In the primary walls, the ratios of xyloglucans, pectic polyssacharides and protein are quite reduced. The xyloglucans polymers are short and closely associated to cellulose microfibrils. The araboxylans constitute the main polymer responsible for the establishment of cross-bonds between adjacent cellulose molecules (Chesson & Forsberg, 1997). The monomer skeleton is extensively replaced by arabinose units which, are further replaced by ferulic acid units or, less often, by p-coumaric acid (Chesson & Forsberg, 1997). The cellulose fibrils from the secondary cell walls are perfectly oriented in a parallel arrangement (Terashima et al., 1993). The xylans are deposited along with the cellulose and are likely to perform similar function, which is to establish cross-bonds between adjacent chains. However, such polymers are structurally different from araboxylans from the primary wall.

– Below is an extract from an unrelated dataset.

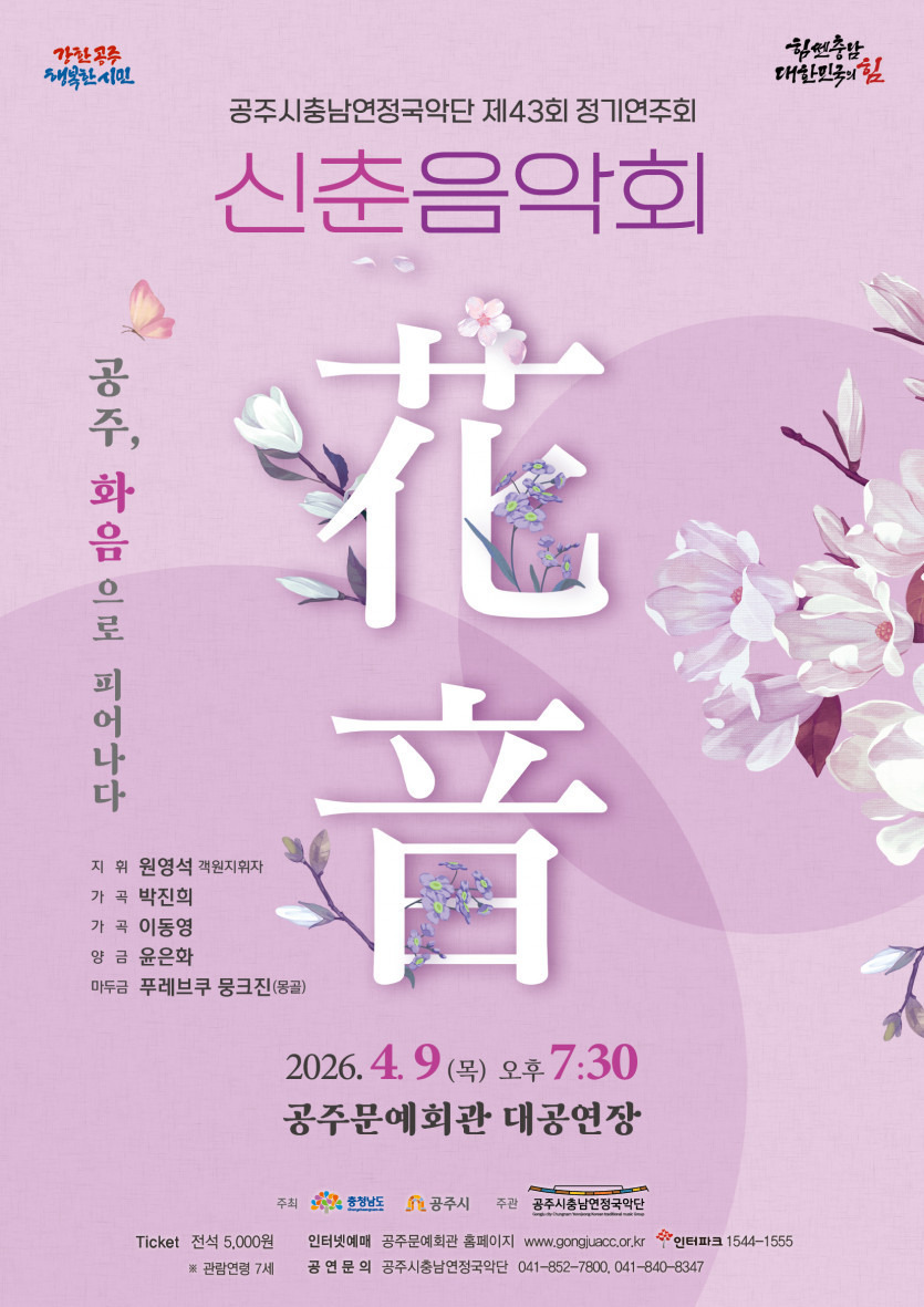 공주시 충남연정국악단 - 신춘음악회 작성자최영재|작성시간26.04.04|조회수14 목록 댓글 0 글자크기 작게가 글자크기 크게가 다음검색 현재 게시글 추가 기능 열기 북마크 공유하기 신고 센터로 신고 댓글 댓글 0 댓글쓰기 답글쓰기 댓글 리스트

At the beginning of the lignification process a higher deposition of hydroxiphenil units seems to occur and less guaiacyl. As the process evolves and encompasses the secondary cell wall, the percentage of hydroxiphenil units decreases and there is an increase in the siringil units (He & Terashima, 1989). The ferulic acid is much more important than the p-coumaric acid for the primary walls, whereas the latter prevails in the secondary walls, increasing its concentration as the plant grows (Muller-Harvey et al., 1986).
Cell wall structure as a limiting factor to degradation
The three-dimensional structure of the cell wall is a barrier for the action of several enzymatic systems responsible for its degradation. As any structure that presents considerable dynamics, the cell wall developed, along its evolutionary process, a set of characteristics which would allow its survival as essential constituent of the plant. Such statement, besides demonstrating the different structural patterns that may occur at cell wall level, also indicates the existence of a complex set of factors that may influence its digestion.

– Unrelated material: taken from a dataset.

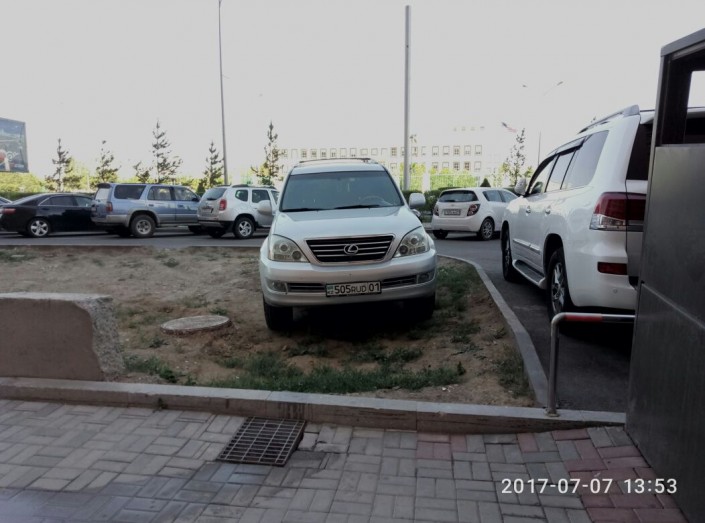 Парковка на газоне. Угол улицы Кошкарбаева и проспекта Тауелсыздык.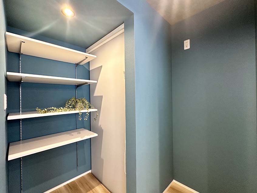 洗濯機置き場の上には高さを調節できる多目的ラックを設置

The lignification phenomena of cell walls, intrinsically linked to the growth physiology of the plant, is considered by many authors as one of the main limiting factors of the digestion of fibrous feedstuffs. However, the complex nature of such polymers associated to a purely random polymerization, presupposes the existence of several mechanisms of action. The significant and inverse relation between the concentration of lignin and the digestibility of fibrous feeds is widely known, reducing the digestibility of dry matter, organic matter and, forages cell wall, namely, of NDF fraction (Van Soest, 1994). The plant maturation stage is related to the content of lignin (Aman, 1985). The cell wall maturation process and the digestibility are negatively correlated, which is largely driven by the increase in lignin content (Jung, 1989). Obviously, an increase in the deposition of lignin causes a progressive increase in cell wall thickness, which severely impacts the relationship between the structure of the cell wall and its digestion. For example, note the importance of the increase in the secondary cell wall thickness, which substantially decreases the area available for microbial action, limits, consequently, its digestion. On the other hand, the effects higher lignin deposition would have in the conjoint structure of the middle lamella-primary wall, considered by many authors as the most indigestible fraction of cell wall, led exactly to the same direction, further confirming the crucial role that this anatomic structure plays in limiting the digestion of cell wall to the interior of the cell (Wilson & Hatfield, 1997).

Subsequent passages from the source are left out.